McGuire filed the motion, and the investigation into Marliz Spannhake’s disappearance, long stalled, began to move again.
It was alleged that while Hooker had Marliz down in the basement, he had shot her in the pelvis with a pellet gun. McGuire remembered that Lieutenant Brown had mentioned seeing BBs in the basement at 1140 Oak Street, and now she asked him and Shamblin to check it out. They removed two BBs from the stairwell, then went about tracking down the pellet gun, which Hooker had apparently borrowed from his younger brother, Dexter.
They did ballistic tests on Dexter’s gun, but these were inconclusive, showing only that the BBs may have been shot from that particular gun.
McGuire also made a point of contacting John Baruth, the man who’d been Marliz Spannhake’s fiance in January of 1976. Now married and living in Cleveland, he was shocked to hear that Hooker was suspected of murdering the woman he’d loved so many years ago.
Baruth related what he could about the day that Marliz had disappeared. That afternoon the couple had gone to a flea market where they’d had a spat. She’d left—angry and on foot.
He never saw her again.
Police had immediately suspected Baruth, but he was cleared after taking a polygraph test. Baruth said that, over the years, he’d feared that Marliz’s parents still believed he’d killed her. Before hanging up he told McGuire: “I’ll pray for you.”
Cameron Hooker would be tried in Redwood City, the county seat of San Mateo County, in the superior court of Judge Clarence B. Knight, a man of short stature and wide-ranging humor. On a hot August 16, Judge Knight heard arguments for and against the prior similar act motion.
McGuire’s motion was granted. But the court also found that the motion was only relevant to the defendant’s intent to kidnap. If Hooker admitted to kidnapping Colleen, the prior similar act would have no relevance and would be inadmissible.
Disgruntled, Papendick said he needed to discuss the matter with Hooker over the weekend.
On Monday, Papendick indicated that to keep the findings regarding Spannhake out, Hooker would admit to kidnapping Colleen Stan.4
CHAPTER 28
Downtown Redwood City, the co
unty seat of San Mateo County, is geared for pedestrians, with brick walkways, strategically placed trees, and a few outdoor cafes that take advantage of the long, warm summer. But just a short walk away stands the imposing San Mateo County Courthouse, an eight-story cement structure with all the architectural charm of a jail—which is housed on the fourth floor. The courthouse dominates the skyline, making it easy to spot from the freeway.

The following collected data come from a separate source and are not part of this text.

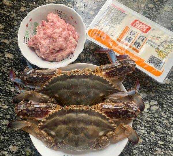 材料:梭子蟹2隻肉末150克內脂豆腐1盒料酒2勺美味鮮2蔥花10克白胡椒粉3克植物油少許
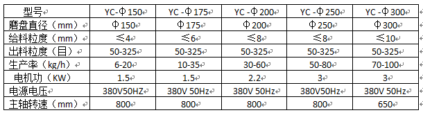 二、φ250礦石圓盤粉碎機參數表:
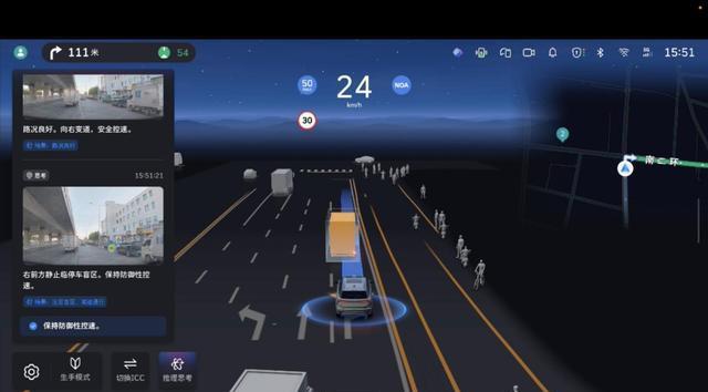 更让人安心的是CP Master系统的“防御性驾驶”功能,基于VLA大模型的空间语义理解能力,CP Master系统可以推理未来数秒可能发生的风险,真正“看得见”潜在隐患。遇到路口被施工围挡封闭,或途经路边的临停大车,车辆会依据周围环境先行降速,判断安全无虞后才会通过,真正将安全防线从“被动响应”前移至更值得信任的“主动避险”, 防患于未然。
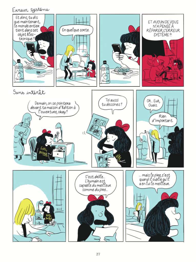 L’ouvrage se poursuit avec une nouvelle histoire en dix pages de Maëlle Réat, jeune autrice qui monte. Elle aussi met en scène sa rencontre imaginaire avec Mafalda qui y trouve d’ailleurs une nouvelle cause d’indignation : le statut précaire des auteurs de BD ! La dessinatrice reprend avec bonheur des codes et objets des strips originaux : quand la Mafalda des années 70 piquait les crèmes de beauté de son amie Susanita pour embellir le monde en en étalant sur son globe, dans la version moderne la fillette tente de faire avaler à ce dernier un des anxiolytiques de Maëlle pour qu’il aille mieux. La dessinatrice utilise aussi à plusieurs reprises le strip en trois six ou neuf cases auquel elle donne un titre « Époque », « erreur système » … et surtout une punchline finale, format qu’adopte également Anne Simon.

Tuesday, September 24, media people milled around in the hallway, waiting for the courtroom doors to open. Though today would only be jury selection, the air buzzed with an opening-day anticipation.
The judge had rejected the Cable News Network (CNN) request to film the trial, ruling that no cameras, tape recorders, or video cameras would be allowed during the proceedings, but all of these were permitted when court was not in session. Now camerapersons maneuvered their bulky equipment into the aisles, hoping to catch a few shots of Hooker when he came in.

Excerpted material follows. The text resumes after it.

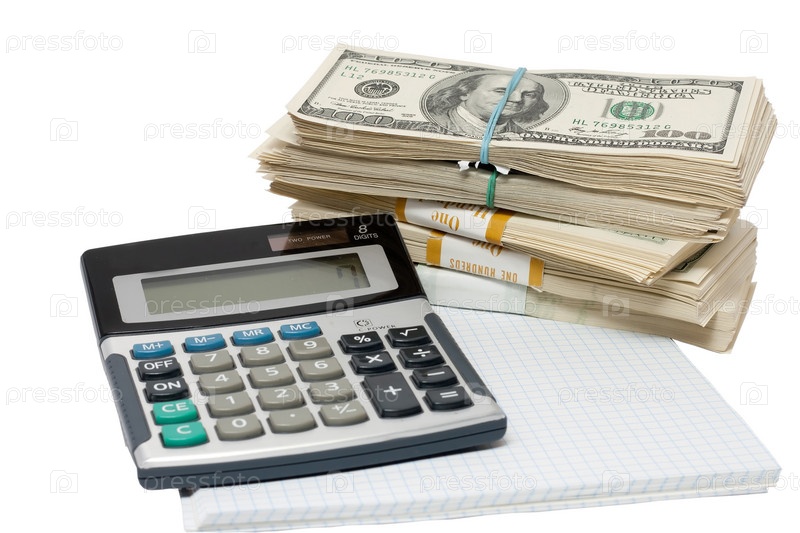 Пачки денег и калькулятор на белом фоне

One outspoken journalist with the San Francisco Chronicle discoursed loudly on the subject of bondage. “There are lots of bondage societies in San Francisco, and they don’t necessarily have anything to do with S/M. They even have a newsletter and a computer data base,” he said, conferring an air of respectability upon them. His offhand comments set a tone. Throughout the trial, the media, like the jury, would be trying to judge whether Cameron Hooker was guilty of anything more than kinkiness.
Cameron’s mother, looking gray with worry, was already resolutely seated in the audience, just behind the defense table. She would remain here during jury selection but, as a potential witness, would be barred from observing the proceedings against her firstborn son.